Она лежала между двумя рядами скамеек: спина выгнулась под неестественным углом, рот открыт, глаза вытаращены, руки и шея в крови. Она больше не дышала. Свенгаард также прошел мимо человека, который, шаркая, слепо брел вперед, явно прихрамывая, глаза устремлены на знак выхода, под которым образовалась давка.
Мышцы рук Свенгаарда начали болеть. Он споткнулся и чуть не упал, преодолевая последние две ступеньки. Положил тело Норса на пол у входа в медпункт.
Голоса звали его снизу: Дюранты и Баумор кричали, чтобы он освободил их.
«Эти подождут», – подумал Свенгаард. Он прижал ладонь к сенсорному замку. Безрезультатно. «Ну конечно, – понял доктор, – я же не оптимат». Он приподнял Норса, воспользовался его рукой. Переборка плавно скользнула в сторону. Свенгаард начал перебирать препараты. «Тиамин и инозитол, – решил наконец Свенгаард. – Попробуем компенсировать иммунную реакцию».

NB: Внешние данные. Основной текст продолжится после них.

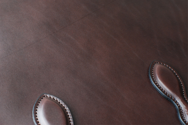 イングリッシュブライドルレザーはしなやかでありながらもコシや粘りを残した皮革で、一般的なブライドルレザーに見られるギン面の割れも起こりにくい素材です。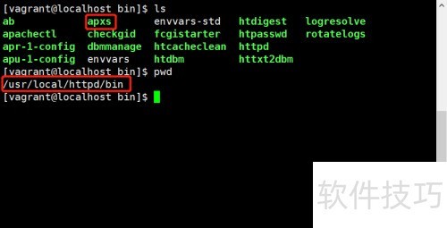 4、 进入Apache的bin目录,查找apxs所在路径,例如:/usr/local/apache/bin/apxs。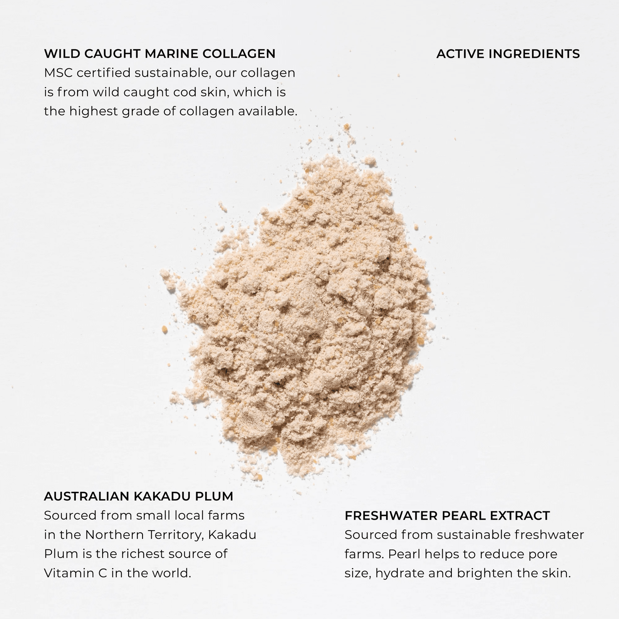 - Formulated with wild-caught marine collagen, antioxidant-rich Kakadu plum, and mineral rich freshwater pearl powder, it supports skin firmness, nail strength, and hair vitality — supporting skin, hair and nail longevity from within.Â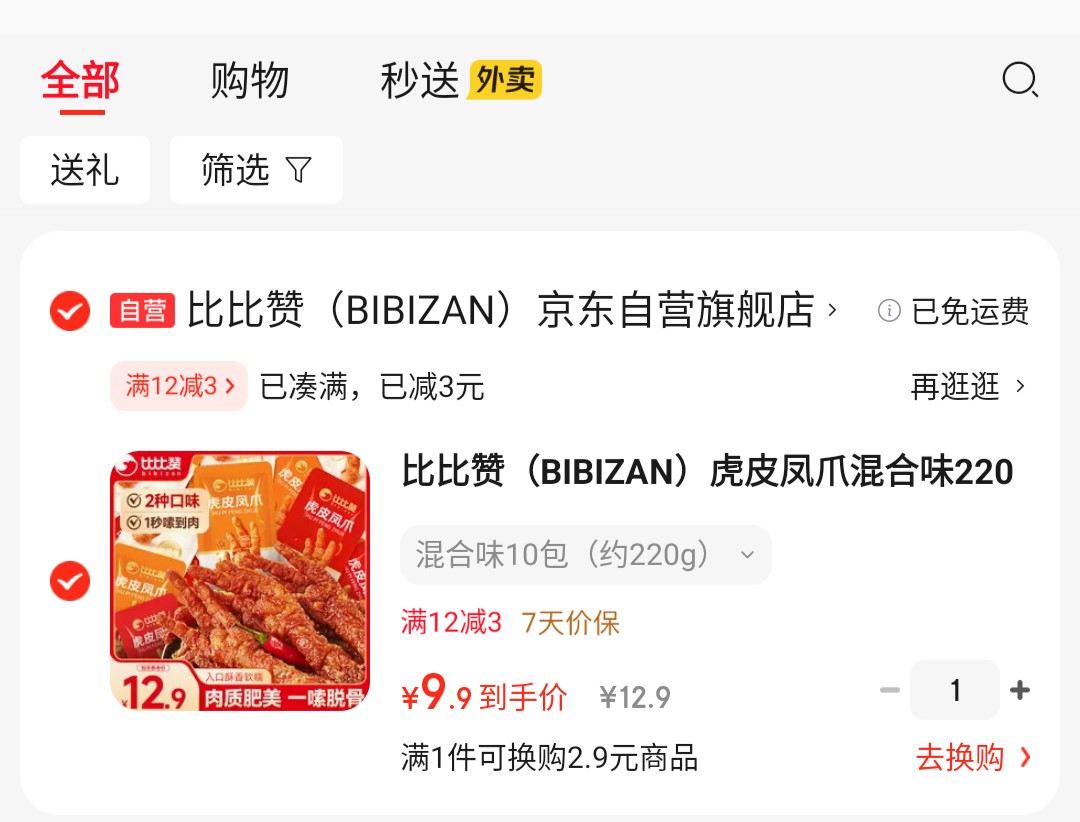 比比赞 (BIBIZAN)虎皮凤爪混合味220g【9.9】

Правую часть помещения занимала мобильная медлаборатория привычной модели, с жерлами для просовывания рук и иглами, соединенными с измерительными приборами. Свенгаард нажал несколько клавиш на консоли, открыл панель. Выбрал иглы для введения тиамина и инозитола, заблокировал остальные, подложил руку Норса под острые концы, которые нашли вены и погрузились в них. Показатели индикаторов резко поползли вверх.

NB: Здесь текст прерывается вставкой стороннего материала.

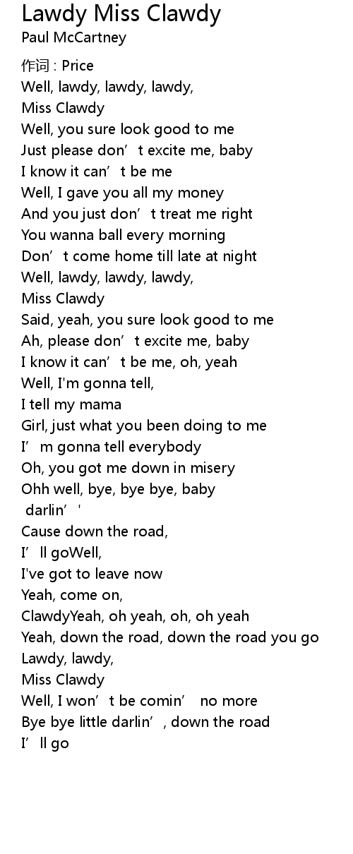 | Song | Lawdy Miss Clawdy |

Доктор перекрыл поток веществ. Дозаторы вернулись к нулевым положениям.
Свенгаард аккуратно выдернул иглы и положил оптимата на пол. Лицо мужчины все еще было залито смертельной бледностью, но дыхание стало более глубоким. Он часто моргал; на коже проступила испарина.
Свенгаард снял куртку, накинул ее на тело Норса и начал растирать ему руки, восстанавливая кровообращение.
Справа от него возникла Калапина и села рядом. Ее ладони были сжаты в кулаки, костяшки побелели от напряжения. Черты лица как-то заострились, глаза смотрели вдаль. Калапине казалось, что она прошла долгий путь с тех пор, как поднялась с пола зала. На нее нахлынули воспоминания, от которых не получалось избавиться. Она знала, что одолела свое безумие; знала, что обрела странную, возвышенную рассудочность.
Ее внимание привлекла красная сфера – шар-оракул, источник огромной силы, все еще притягательный. Затем она подумала о Норсе, с которым столько раз делила постель, – своем союзнике и источнике утех.
– Он умрет? – спросила она и повернулась к Свенгаарду.
– Не сразу, – ответил доктор. – Но тот последний истерический припадок… нанес непоправимый ущерб его телу.
Свенгаард вдруг осознал, что теперь в зале звучали лишь тихие стоны и приказы, отдаваемые спокойным голосом. По освободившемуся пространству беспокойно сновали слуги.
– Я освободила Баумора и Дюрантов и послала за другими… докторами, – сообщила Калапина. – Несколько человек – уже мертвы… много раненых.